In the beginning God created the heavens and the earth, the cosmos, the galaxies, the universe and everything in it. God created them and understood them to be good, full of order and life, running over and full of abundance. And then God, in the greatest act of love, gave it all to us, the ones created in his image, calling us to care for and keep God’s creation in order that we might enjoy its beauty. Humanity was created to be the faithful stewards of God’s universe, accountable to his lordship and wonderful guidance.

Yet we human beings do not like to be servants to anyone, especially not to God. Our first parents, Adam and Eve, rebelled against the goodness of God by disobeying his command. But God did not abandon us. He made for humanity life abundant and stood by at civilization developed. He remained faithful to us, when we were least faithful to him. Humanity continued to act wickedly, we let evil and strife rest on our hearts, and for some reason God stood by his creation. He picked one man, Noah, to remain in the wake of his destruction. God actively chose to give humanity another chance through Noah and his family, yet Noah ignores the grace of God.

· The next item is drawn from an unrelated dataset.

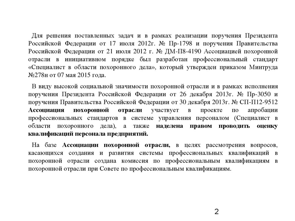 Российской Федерации от 21 июля 2012 г. № ДМ-П8-4190 Ассоциацией похоронной
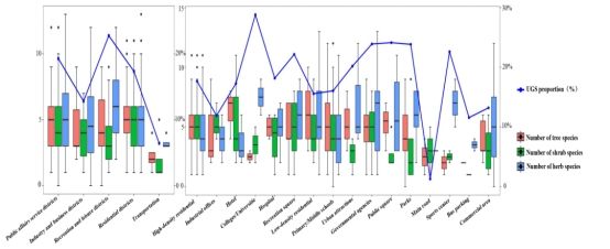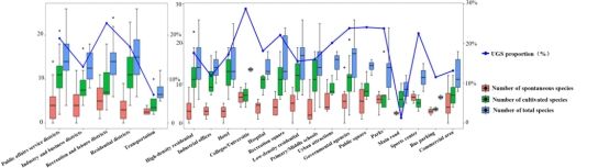 图3. 儋州市不同城市功能单元(UFUs)中自发植物、栽培植物和总物种的数量,以及各单元内UGS(城市绿地系统)平均比例。左侧和右侧分别对应主要UFU类型和次要UFU类型。

God has been intrinsically active from the beginning of existence up until the aftermath of the flood. Genesis 1-9 have been centrally focused on creation event, and God’s relationship with his creation. And now God is no longer at the center of the story. Instead of rejoicing in the good God that saved him and his family from certain destruction, he drinks the wine from his vineyard, falls asleep naked, and curses his grandson.

God is no longer at the center of Noah’s story.

Where is God in your story?

I am in divinity school, and ironically enough it is one of the most difficult places to find God. We spend so much time talking around God, and through God, below God, and about God, that we forget to talk to God. I have become consumed with thoughts about my own ordination process, and what kind of church will the conference assign me to at the end of the year if they commission me, when instead I should be thinking about how can I make God’s kingdom come on earth.

Maybe some of you are like Noah and me, where God is sometimes no longer at the center of your story. Some of you might be lonely and miss the companionship of a friend or spouse when we as a church could be working to reflect the goodness of God’s communal creation by reaching out to those in out pews who need relationship the most.

Perhaps some of you are consumed by your own sin, afraid of the damage it has caused and will continue to cause when you could be contemplating the forgiveness Christ proclaimed from the cross toward his accusers and torturers – no one is beyond the loving embrace of God.

Maybe some of you are unemployed and are worried about the responsibility resting on your shoulders when this church could be reflecting the church instituted by the God who became flesh in Christ that cared for one another through giving to any who had need.

Perhaps you are afraid to die, you’ve come face to face with your own mortality and you can’t stand the sight of it when we could all readily recognize that one day we all will die, but just as God became flesh in Jesus Christ and mounted the cross, Jesus was resurrected from beyond the grave; God has called each of us to something greater than our own mortality.

I don’t know what to do with Noah’s story. I don’t know what brought you to church this morning. I don’t know if you’re afraid, or if you’re lonely, or if you’re tired, or just complacent. But one thing I am sure of, with every fiber of my being, is that God is supposed to be the center of our story.